Step (6), realizing attitude control of the helicopter by using the optimized deep neural network;

Preferably, during deep neural network training, a dropout technique is used to train a model, update network parameters and prevent the occurrence of over-fitting.

Preferably, during deep neural network validation, a k-fold cross validation model is employed.

The invention has the following advantages:

1. The invention integrates the deep learning model and the explicit model prediction control, solves the problems of high demand on calculation resources, long calculation time, control precision and prediction accuracy and calculation efficiency of the traditional model prediction control.

2. The method has firm theoretical foundation of the steps, simple and clear steps and perfect theoretical support.

3. The depth neural network of the invention adds a projection algorithm on the basis of full connection, so that the output can be controlled by a feasible set of the output. The fourth layer of the network is a projection algorithm layer, because some data is not feasible during training, and then the feasibility of controlling output can be improved through the projection algorithm.

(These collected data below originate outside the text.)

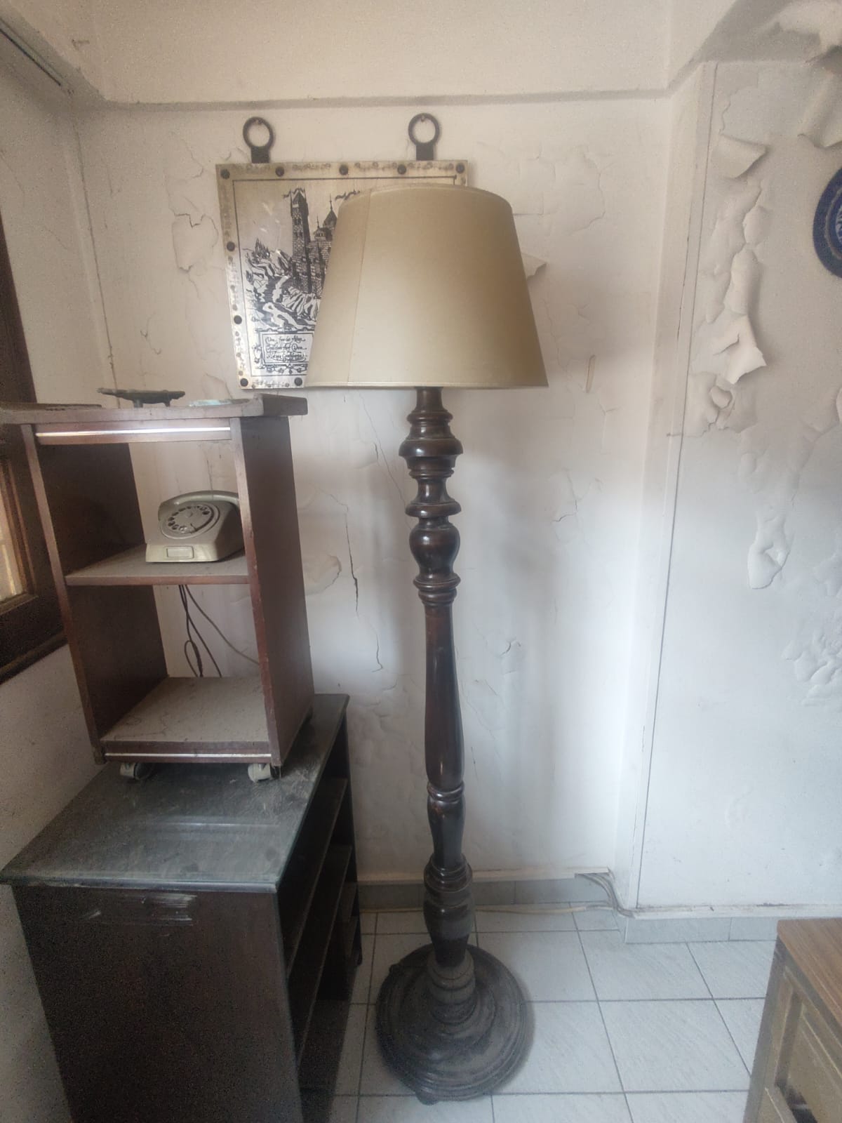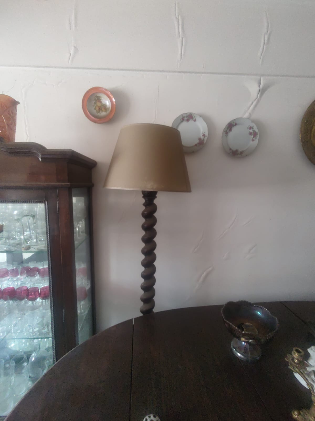 * Una lampara de madera alta de 1.60 mts., aproximadamente, base de bronce y pantalla.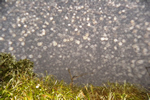 小雨ぱらつく中をみんな一斉に同じ方向に移動している。小さく光って見えるのは雨。 |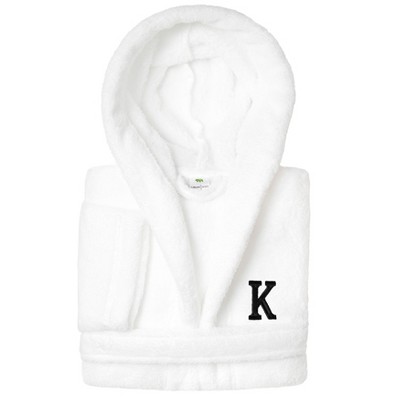 Personalized Linum Kids 100% Polyester SUPER PLUSH Double Brushed Hooded Bathrobe in White Bookman Font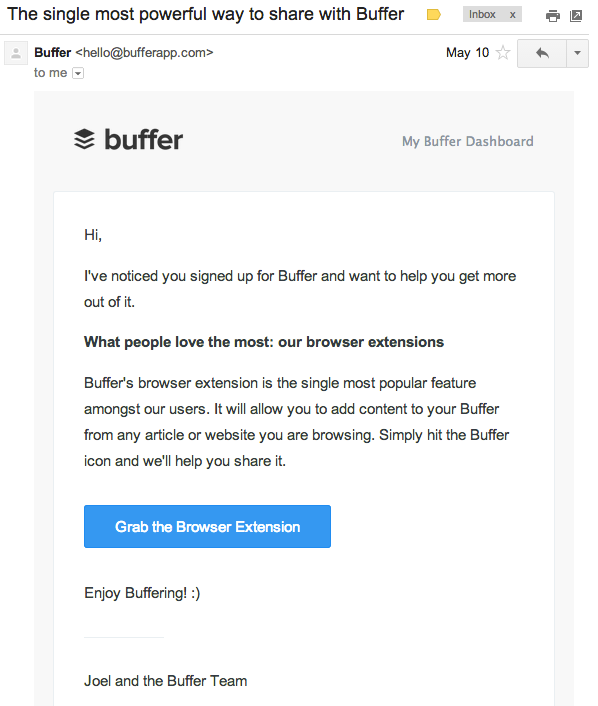 On the contrary, this lifecycle email from Buffer is fantastic, and it has no images. In fact, images wouldn’t help the customer achieve the end goal.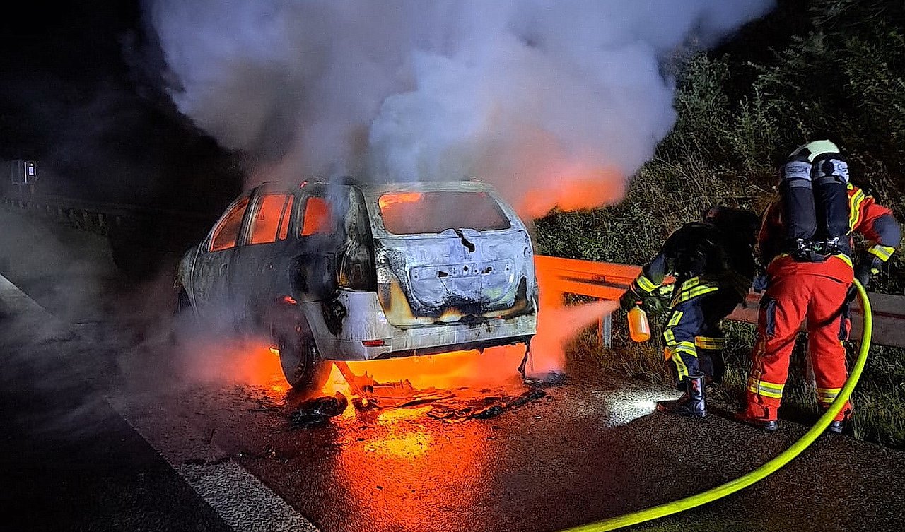 Er steuerte sein Fahrzeug noch auf den Standstreifen und konnte sich in Sicherheit bringen, bevor das Fahrzeug in Flammen aufging. Beim Eintreffen der Feuerwehr stand das Fahrzeug bereits im Vollbrand.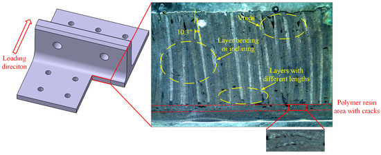 The post-test damage morphologies are depicted in Figure 7. The visible damage to the composite bolted T-joint includes cracks around the holes on the base panel, the separation of the skin and skeleton, and cracks along the thickness direction of the skeleton at the R-corner area. As shown in Figure 8 and Figure 9, the cross-sectional view of the R-corner area after the test reveals the presence of a polymer resin area with a non-negligible thickness between the skin and skeleton, with noticeable cracks within this resin area, while no significant delamination is observed in the skin. It can be inferred that the failure of the resin area between the skin and skeleton leads to their final separation. Additionally, defects such as voids, layer bending or inclining, and uneven ply lengths are present within the skeleton.

2. The invention introduces binary variables that can enable the activation function to pass through the constraint, thereby outputting a value of 0 or x. Thus, the accuracy of the model can be improved by substituting the model into the optimization formula of the network.

Drawings

FIG. 1 is a flow chart of a method of the present invention based on the integration of a deep learning model with a ReLU activation function and explicit model predictive control.

FIG. 2 is a schematic diagram of the structure of a feedforward neural network according to the method of the present invention.

FIG. 3 is a comparison of the approximate control law generated by the deep learning of the method of the present invention with the conventional EMPC control law.

FIG. 4 is a comparison of the deep learning of the method of the present invention with the tracking simulation of the state trace of the altitude angle by the conventional EMPC.

Fig. 5 is a comparison diagram of the state trajectory tracking simulation of the deep learning and the conventional EMPC for the pitch angle of the method of the present invention.

FIG. 6 is a comparison of the state trace tracking simulation of the deep learning and conventional EMPC rotation angle by the method of the present invention.

Fig. 7 is a graph comparing the deep learning of the method of the present invention with various experimental data of the conventional EMPC control law.

Detailed Description

The invention is further described with reference to the accompanying drawings:

The invention discloses a depth learning reconstruction explicit model prediction control method which is applied to the field of helicopter attitude control.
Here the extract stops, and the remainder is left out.